Work task: Write out, word for word, the part of the listing below that opens with the line containing "Платье из трикотажа" and closes with the line containing "solid black background.", keeping both of those lines and adding no others.

Information shown:

* * * * * * *

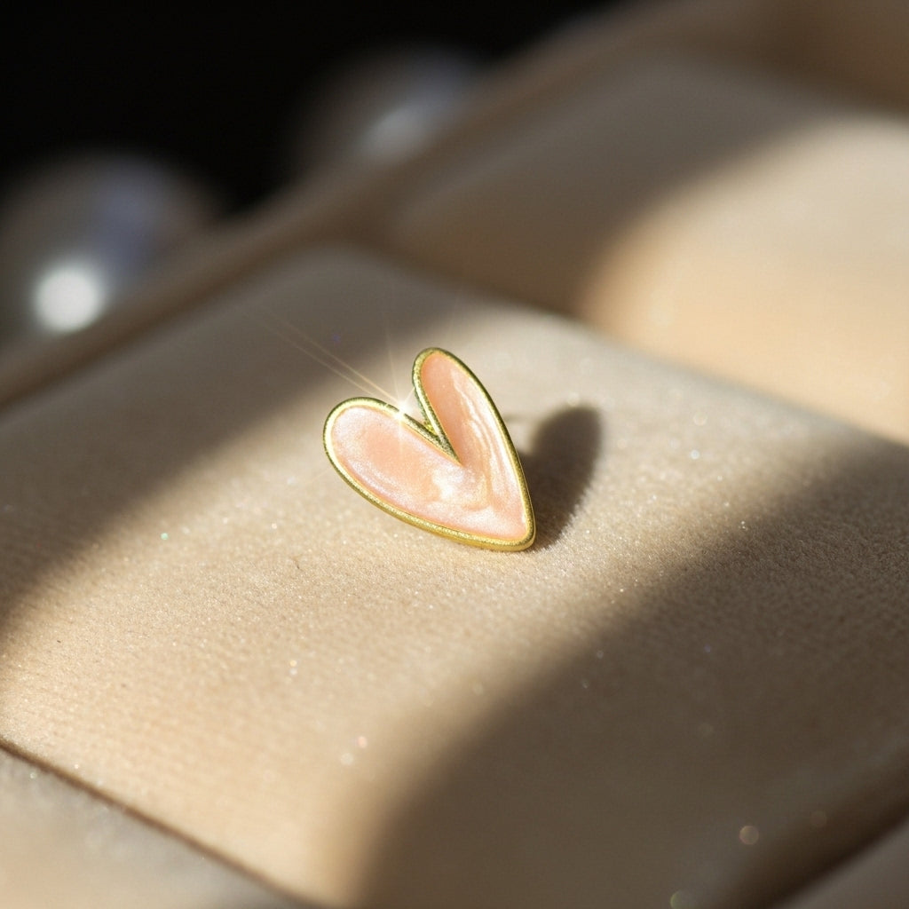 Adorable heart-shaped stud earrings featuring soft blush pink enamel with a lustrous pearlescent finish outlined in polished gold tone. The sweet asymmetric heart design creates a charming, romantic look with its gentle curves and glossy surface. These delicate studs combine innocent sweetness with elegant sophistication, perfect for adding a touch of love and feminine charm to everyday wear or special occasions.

* * * * * * *

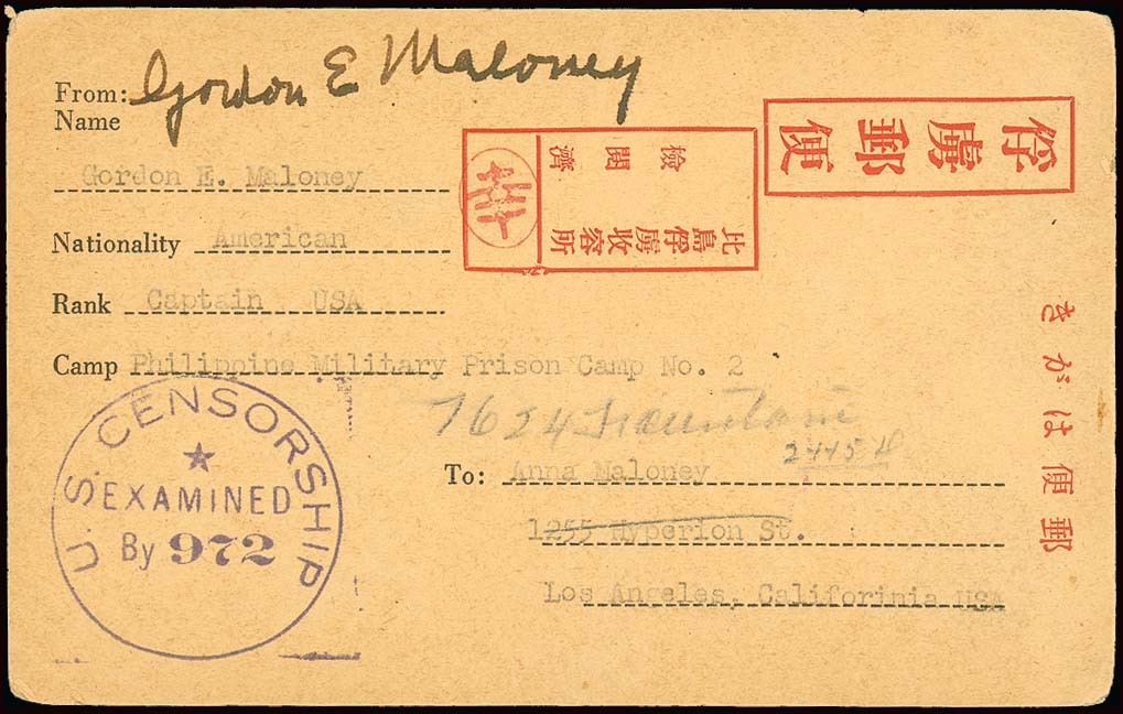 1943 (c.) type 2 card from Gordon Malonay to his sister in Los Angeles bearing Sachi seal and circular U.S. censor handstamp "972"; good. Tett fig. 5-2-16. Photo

* * * * * * *

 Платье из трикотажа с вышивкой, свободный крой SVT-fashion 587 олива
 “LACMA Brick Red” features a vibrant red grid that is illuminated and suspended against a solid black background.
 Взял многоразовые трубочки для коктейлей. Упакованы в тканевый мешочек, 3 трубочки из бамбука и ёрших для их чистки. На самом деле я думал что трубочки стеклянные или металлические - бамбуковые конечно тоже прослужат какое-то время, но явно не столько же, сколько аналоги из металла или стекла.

* * * * * * *

Answer section:
 Платье из трикотажа с вышивкой, свободный крой SVT-fashion 587 олива
 “LACMA Brick Red” features a vibrant red grid that is illuminated and suspended against a solid black background.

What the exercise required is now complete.